The banks have invested tens of millions of dollars in the development and implementation of automated systems to meet the regulatory standards placed upon them. The banking industry has been proactive in meeting its obligations. We will continue to take these obligations very seriously, but there is always room for improvement. We recognize that with Bill C-25, the government is planning to implement measures that will address flaws in the current system.
Clearly, one of the most fundamental and vital objectives of AML/ATF measures must be to protect the financial system from criminal activity. We believe this must be done in a balanced way. An AML/ATF regime is unique in that in order to function well, it must interact with a wide range of stakeholders, such as law enforcement agencies, government departments, and financial institutions. We feel that no useful purpose is served, and in fact the effectiveness of the regime itself is diminished, by overburdening any of these entities with too many restrictions, rules, or requirements.

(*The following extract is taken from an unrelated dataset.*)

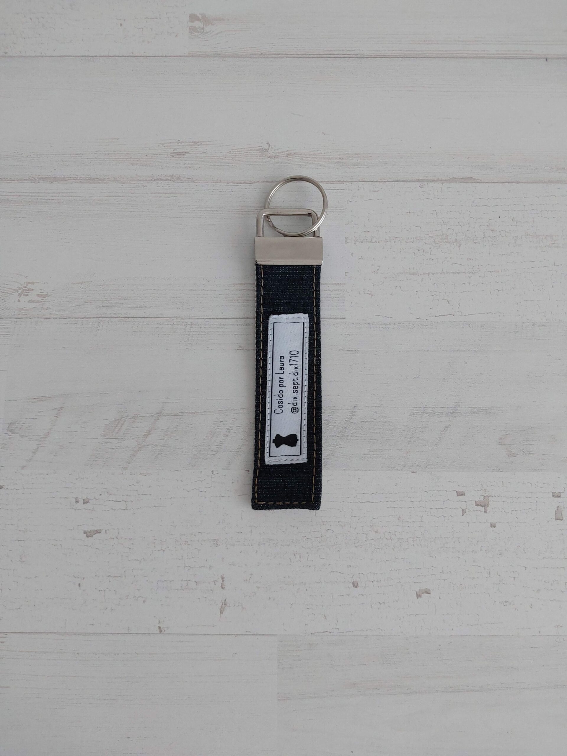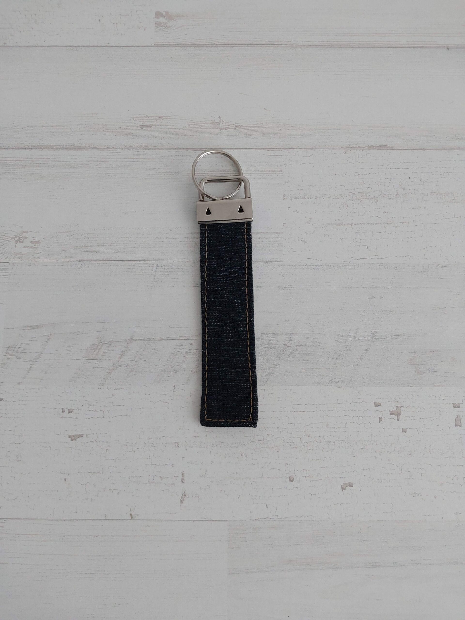Llavero plano mixto tela vaquera y rayas blancas y beiges

We strongly believe that an AML/ATF measure should be implemented with a risk-based approach. Once amendments are enacted, reporting entities and FINTRAC should be given enough lead time to implement the necessary changes to their systems and to employee training programs. In our view, the efforts to combat money laundering and terrorist financing will be significantly assisted if it is easier for reporting entities to receive more feedback from FINTRAC about their reports and FINTRAC is provided with more latitude to release information. We therefore welcome the enhanced disclosure provisions in Bill C-25.
For several of the measures set out in Bill C-25, we will need to consider the related regulations before we can make a comprehensive response. I would like to make some initial observations about a couple of provisions in the bill. In a short letter to the committee, which we believe has been provided to you, we provide more details about our views on these matters.
We have made recommendations for changes to the bill that will address those matters. For example, there is the issue of the impact on foreign subsidiaries and foreign branches of Canadian banks. Bill C-25 will add a number of new measures to the act, including new requirements on the foreign subsidiaries and foreign branches of Canadian banks. These proposals, particularly the requirement to impose Canadian client identification requirements, could impose extraterritorial legal requirements on Canadian banks. We believe this could cause significant problems for the banking industry.
To the extent permitted by local laws, Canadian banks already apply their internal AML/ATF policies and procedures on their operations in foreign countries. However, imposing specific Canadian regulatory requirements in foreign jurisdictions has the potential to have adverse consequences on the banks. It may place the banks in a disadvantageous competitive position, from a global standpoint. Rather than imposing extraterritorial legal requirements, we believe that a more effective approach would be to make it clear that the requirement to have compliance and risk assessment programs must cover all subsidiaries and branches, regardless of location, to the extent permitted by the local jurisdiction.
We recommend that these measures be enacted.
It's important to note that we are not asking to apply a lower standard to the operations of a foreign branch or subsidiary, only to have it recognized that there are other equally effective ways of achieving what I think we all want to do, and that is to create a balanced, effective deterrence regime.
There is also the issue of correspondent banking. We understand and support the need to enhance requirements relating to the provision of services to foreign correspondent banks. Bill C-25 includes an amendment to the act that sets out a number of specific measures to be followed by Canadian banks before entering into a correspondent banking relationship.
While the banking industry in Canada has already implemented most of these requirements, we do have a concern that the proposed definition of “correspondent banking relationship” in the bill is too broad and could lead to almost all interaction between Canadian banks and a foreign bank being captured by the definition.